Севка вскоре тоже заулыбался и охотнее участвовал в веселой беседе. Мазь погасила боль, а вкусная еда и приятная компания растопили удушающий ком тревог в горле. Ни осы, ни пропавшая рыба, ни прогулка по реке больше не висели на душе тяжелыми колючими репьями.
Но все хорошее рано или поздно заканчивается. Как бы ни хотелось остаться с веселыми людьми подольше, нужно было идти домой, пока родители не начали искать.
- Заходи еще-то. С Марькой поиграть, или с Иваром вон на мельницу сходите, - сказала Ялка, провожая Севку у калитки.
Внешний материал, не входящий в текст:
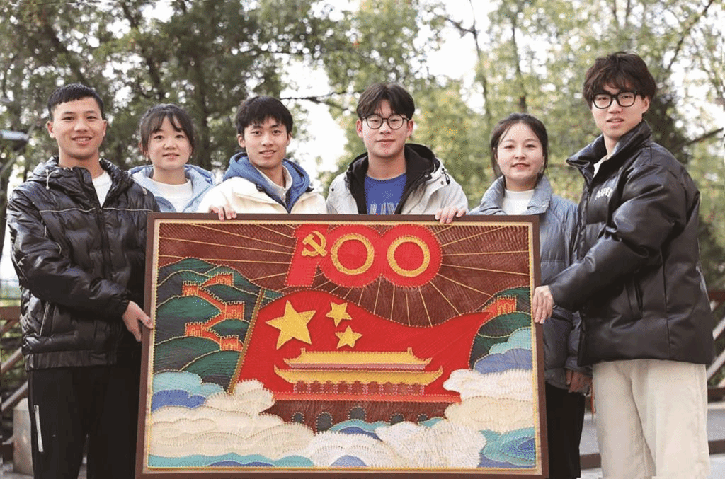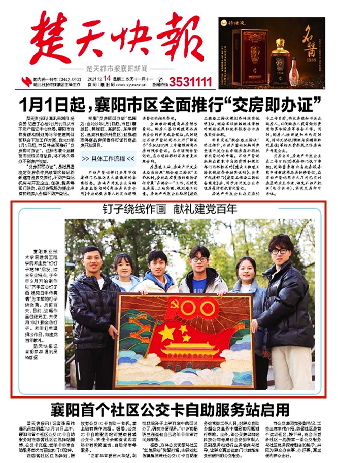 襄阳职业技术学院建筑工程学院师生受“钉钉子精神”启发,结合专业特点,于今年9月开始制作以“巧手匠心钉子画 建党百年传真情”为主题的钉子绕线画。历时百天,目前,这幅作品已经完工,共使用1921颗金色钉子。师生们希望捐出作品,向建党百年献礼。

- Спасибо. Может, приду. До свиданья! - нескладно ответил Севка и побежал домой.
***
Жара раскалила дорогу. Севка бежал по полупустым улицам, чувствуя, как припекает пятки и голову.
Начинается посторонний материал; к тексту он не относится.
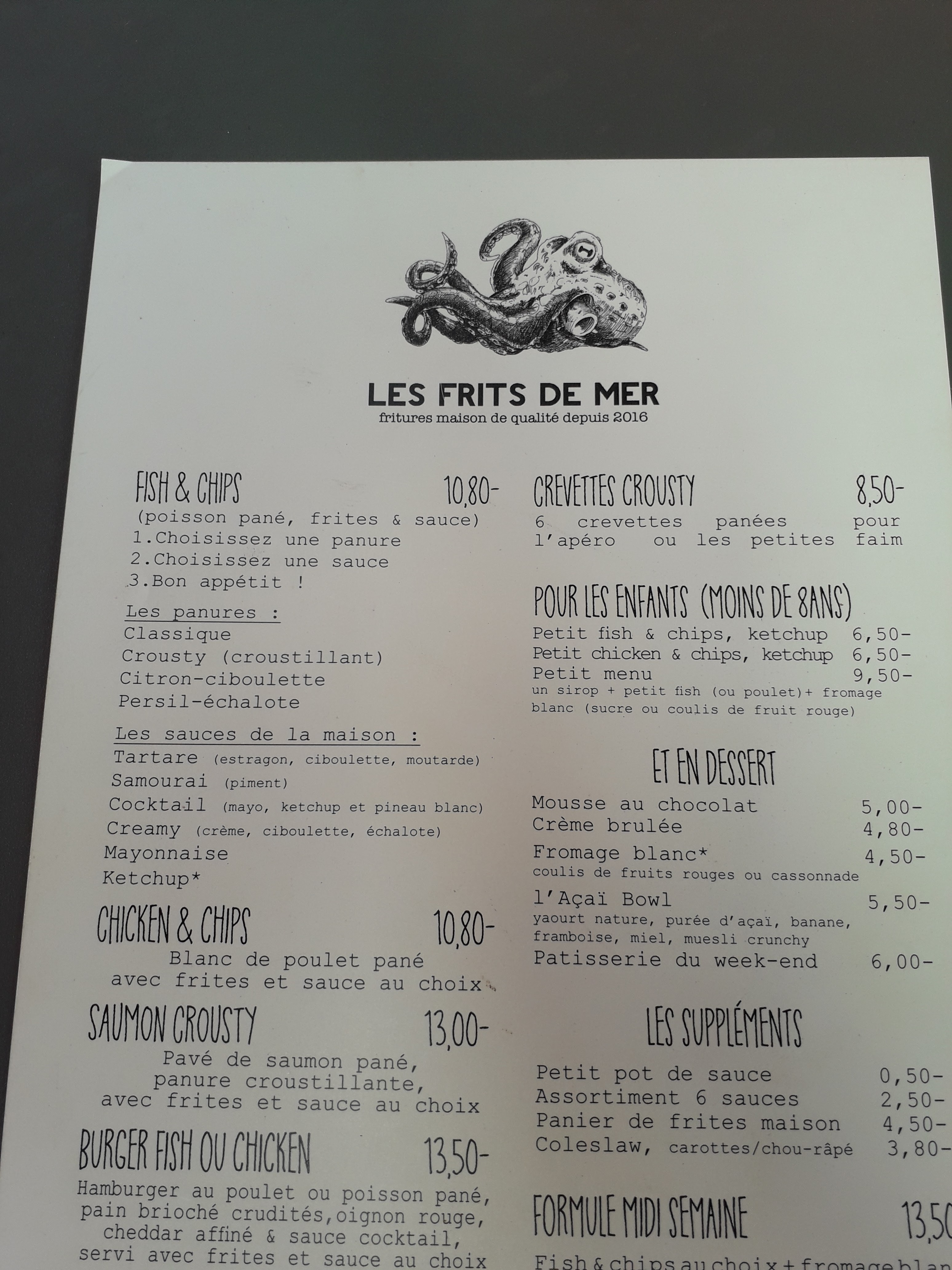 Accueil sympathique et bons produits. En résumé un très bon fish&chips avec une touche d'originalité sur les compléments (pour moi zeste de citron râpé et ciboulettes) et certaines recettes (crevettes panées). A noter des menus enfants complets et très bons aussi.

Когда он проскользнул за калитку на свой двор, на него тут же кинулся пес.
Бело-рыжий двортерьер вертлявой пружинкой запрыгал вокруг хозяина, то падая на спину и подставляя живот, то внезапно подскакивая и тыкаясь мокрым языком в лицо.
Затем, присев, прокрался под кухонным окном в сени. С кухни тянуло жареной рыбой. Севка хоть и был сыт, а позавидовал тем, кто был на кухне.
Он нацелился на лестницу в конце коридора, а там на чердак и в комнату
- Север! - позвал отец из кухни.
Мальчик робко высунулся из-за дверного косяка. Похоже все только что закончили ужинать. Мама мыла посуду. Отец сидел за столом. Сильный и серьёзный охотник держал кружку с квасом. К другой руке прицепилась Гарья. С невинным видом она стояла коленями на лавке и мучила окарину - новый подарок из города.
- Где ты болтаешься? - спросил отец негромко, но строго. - Тебе что отдельное приглашение нужно? Купаться ходил? А если бы водяной тебя поймал? Думай хоть иногда, что творишь.
Севка взглянул на сестру - главный источник клеветы. Гарька, опухолью повиснув на отце, победно ухмылялась и сильней дула в инструмент. Сразу было видно, кто в семье любимчик. Никто не реагировал на резкие звуки агонизирующей окарины.
Кроме пса. В тон Севкиному настроению Рыка на дворе зарычал и угрожающе заухал.
- Севка, - наконец вступилась мать, спокойным, но беспристрастным тоном. - Иди переоденься. Кушать будешь?
- Я был у Марийки. Тетя Ялка оставила на ужин.
- Вон как, - понимающе улыбнулась мать. - Тетя Ялка может. Ну, тогда иди, отдыхай. Только умойся.
Мальчик угукнул и убежал в свою комнату.
- "Отдыхай"? А для этого не нужно сначала поработать? А не ошиваться в гостях.
- Ему десять, Герт.
- Я в десять уже на коне ездил, из лука стрелял и добывал для семьи еду. Весса, ты его портишь. Ты слишком слабохар...
- Что?
- Кхм... мягкая... Да..
Окарина издала звук уставшей трубы.
- Ой, - деланно огорчилась Весса. - А раньше тебе это нравилось. Но раз надоело...
- Да н-нет, мне нравится, - поспешил заверить Герт. - Но детям необходима твердая рука.
Пес лаял все заливистей. Гарья дудела все старательней.
- Пожалуйста, - женщина приглашающим жестом обвела кухню. - Оставайся и воспитывай. Слова не скажу.
Окарина провыла предсмертным стоном мамонта и Герт забрал инструмент.
- Гаря, пора спать.
- Но еще светло!
- Посмотри на часы. Сколько времени?
- Семь? - наугад сказала Гарья.
Она никогда не стремилась понять даже обычные цифры, а римские палки и крестики на настенных часах и подавно.
- Десять. Иди ложись. А то домовой рассердится и спрячет твои игрушки.
Марийка ухмыльнулась. У Севки целый ящик интересного хлама, бери - не хочу.